[MATERIAL FOR THIS EXERCISE — start]

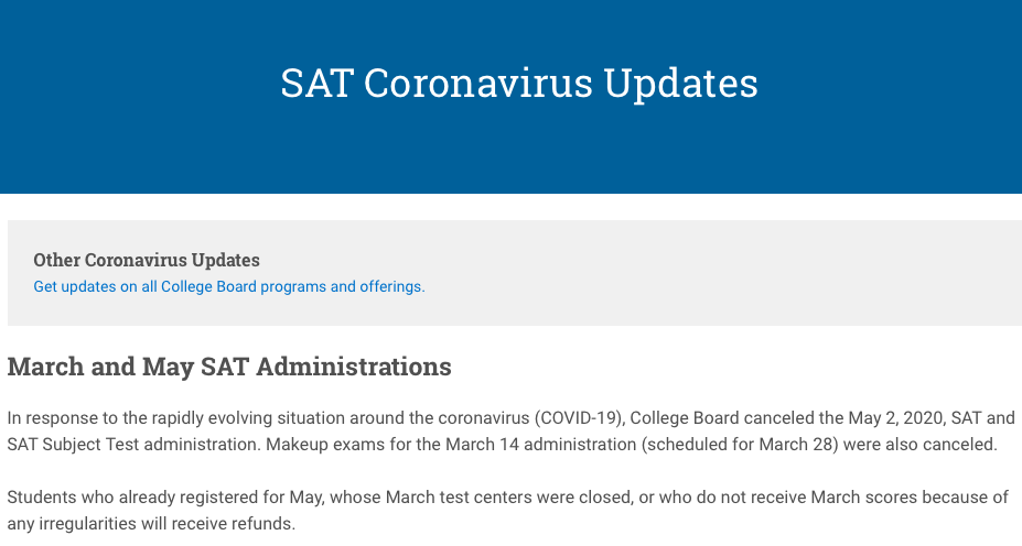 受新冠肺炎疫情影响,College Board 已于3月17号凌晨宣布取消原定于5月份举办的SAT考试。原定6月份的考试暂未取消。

[MATERIAL FOR THIS EXERCISE — finish]
[MATERIAL FOR THIS EXERCISE — start]

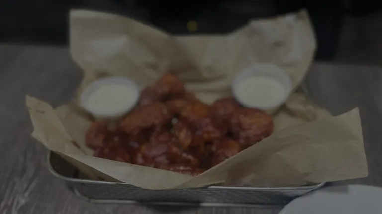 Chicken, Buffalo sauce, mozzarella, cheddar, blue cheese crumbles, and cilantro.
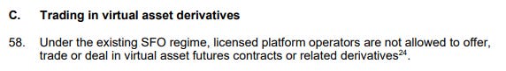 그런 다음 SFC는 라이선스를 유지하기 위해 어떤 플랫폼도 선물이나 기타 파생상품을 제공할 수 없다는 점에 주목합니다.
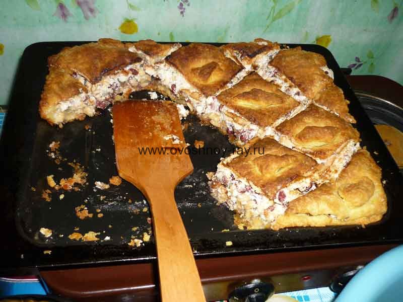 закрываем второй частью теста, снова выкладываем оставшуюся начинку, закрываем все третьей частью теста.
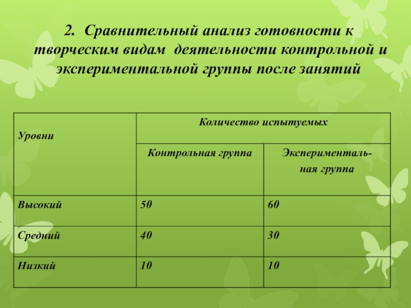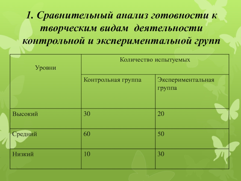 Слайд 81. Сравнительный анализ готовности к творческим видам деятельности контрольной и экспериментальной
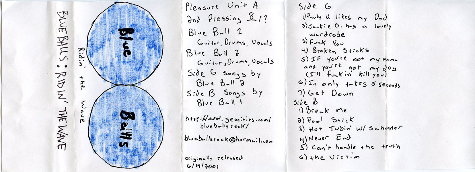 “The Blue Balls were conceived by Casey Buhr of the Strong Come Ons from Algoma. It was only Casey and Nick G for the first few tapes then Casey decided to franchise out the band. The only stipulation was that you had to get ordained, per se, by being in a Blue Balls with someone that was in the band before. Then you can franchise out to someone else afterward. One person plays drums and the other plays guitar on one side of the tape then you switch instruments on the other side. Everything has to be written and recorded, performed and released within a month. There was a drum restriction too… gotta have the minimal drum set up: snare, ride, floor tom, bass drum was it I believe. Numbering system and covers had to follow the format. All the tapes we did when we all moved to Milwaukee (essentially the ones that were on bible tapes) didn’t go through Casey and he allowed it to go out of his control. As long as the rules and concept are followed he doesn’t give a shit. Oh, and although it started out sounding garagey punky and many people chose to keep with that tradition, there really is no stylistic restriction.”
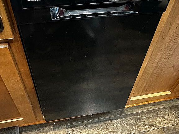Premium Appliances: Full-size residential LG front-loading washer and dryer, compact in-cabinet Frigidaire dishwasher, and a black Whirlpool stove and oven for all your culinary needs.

[MATERIAL FOR THIS EXERCISE — finish]

Both boundary lines included, write out word for word only the lines above from the one containing "그런 다음 SFC는 라이선스를" to the one containing "Premium Appliances: Full-size", leaving out any pictures.

 그런 다음 SFC는 라이선스를 유지하기 위해 어떤 플랫폼도 선물이나 기타 파생상품을 제공할 수 없다는 점에 주목합니다.
 закрываем второй частью теста, снова выкладываем оставшуюся начинку, закрываем все третьей частью теста.
 Слайд 81. Сравнительный анализ готовности к творческим видам деятельности контрольной и экспериментальной
 “The Blue Balls were conceived by Casey Buhr of the Strong Come Ons from Algoma. It was only Casey and Nick G for the first few tapes then Casey decided to franchise out the band. The only stipulation was that you had to get ordained, per se, by being in a Blue Balls with someone that was in the band before. Then you can franchise out to someone else afterward. One person plays drums and the other plays guitar on one side of the tape then you switch instruments on the other side. Everything has to be written and recorded, performed and released within a month. There was a drum restriction too… gotta have the minimal drum set up: snare, ride, floor tom, bass drum was it I believe. Numbering system and covers had to follow the format. All the tapes we did when we all moved to Milwaukee (essentially the ones that were on bible tapes) didn’t go through Casey and he allowed it to go out of his control. As long as the rules and concept are followed he doesn’t give a shit. Oh, and although it started out sounding garagey punky and many people chose to keep with that tradition, there really is no stylistic restriction.”
Premium Appliances: Full-size residential LG front-loading washer and dryer, compact in-cabinet Frigidaire dishwasher, and a black Whirlpool stove and oven for all your culinary needs.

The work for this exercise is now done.